/---

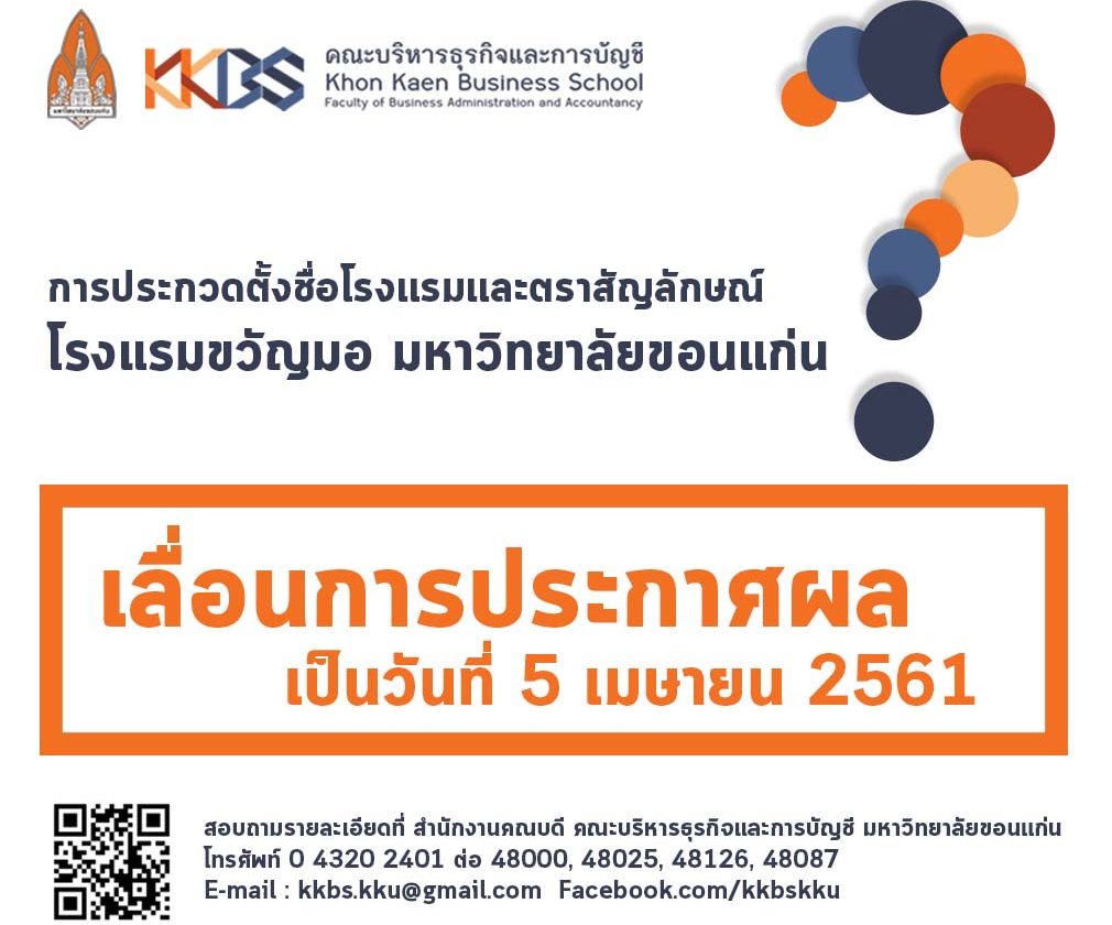 ตามที่ คณะบริหารธุรกิจและการบัญชี มหาวิทยาลัยขอนแก่น ได้เชิญชวนบุคลากร นักศึกษา ศิษย์เก่า มหาวิทยาลัยขอนแก่นประกวดตั้งชื่อโรงแรมและตราสัญลักษณ์ (จากชื่อเดิมโรงแรมขวัญมอเป็นชื่อใหม่) รอบที่ 2 ภายใต้แนวคิด “อีสานร่วมสมัย ภูมิปัญญาแห่งอีสานและรวมความภูมิใจของชาว มข.” ชิงเงินรางวัลกว่า 23,000 บาท โดยเปิดรับผลงานตั้งแต่ วันที่ 7 กุมภาพันธ์ 2561 – 16 มีนาคม 2561 และจะประกาศผลสู่สาธารณะในวันที่ 31 มีนาคม 2561
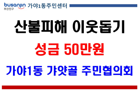 부산진구 가야1동 가얏골 주민협의회(회장 이선호)은 지난달 30일 최근 발생한 산불로 피해입은 지역주민들을 돕기 위해 산불피해 성금 50만 원을 가야1동(동장 신보민)에 전달했다.
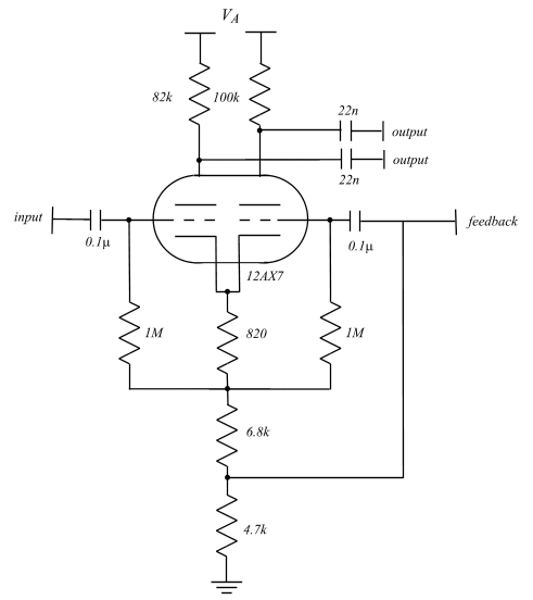The phase splitter allows us to draw an equal and opposite signal to the power amp stage. Although many phase splitter topologies exist, the one illustrated in Fig. 10 is the most common among commercial guitar amplifiers.

\---

§ **Your objective**: Transcribe the whole listing exactly. Pictures stay out of your copy.

§ **Finished exercise**:
 ตามที่ คณะบริหารธุรกิจและการบัญชี มหาวิทยาลัยขอนแก่น ได้เชิญชวนบุคลากร นักศึกษา ศิษย์เก่า มหาวิทยาลัยขอนแก่นประกวดตั้งชื่อโรงแรมและตราสัญลักษณ์ (จากชื่อเดิมโรงแรมขวัญมอเป็นชื่อใหม่) รอบที่ 2 ภายใต้แนวคิด “อีสานร่วมสมัย ภูมิปัญญาแห่งอีสานและรวมความภูมิใจของชาว มข.” ชิงเงินรางวัลกว่า 23,000 บาท โดยเปิดรับผลงานตั้งแต่ วันที่ 7 กุมภาพันธ์ 2561 – 16 มีนาคม 2561 และจะประกาศผลสู่สาธารณะในวันที่ 31 มีนาคม 2561
 부산진구 가야1동 가얏골 주민협의회(회장 이선호)은 지난달 30일 최근 발생한 산불로 피해입은 지역주민들을 돕기 위해 산불피해 성금 50만 원을 가야1동(동장 신보민)에 전달했다.
The phase splitter allows us to draw an equal and opposite signal to the power amp stage. Although many phase splitter topologies exist, the one illustrated in Fig. 10 is the most common among commercial guitar amplifiers.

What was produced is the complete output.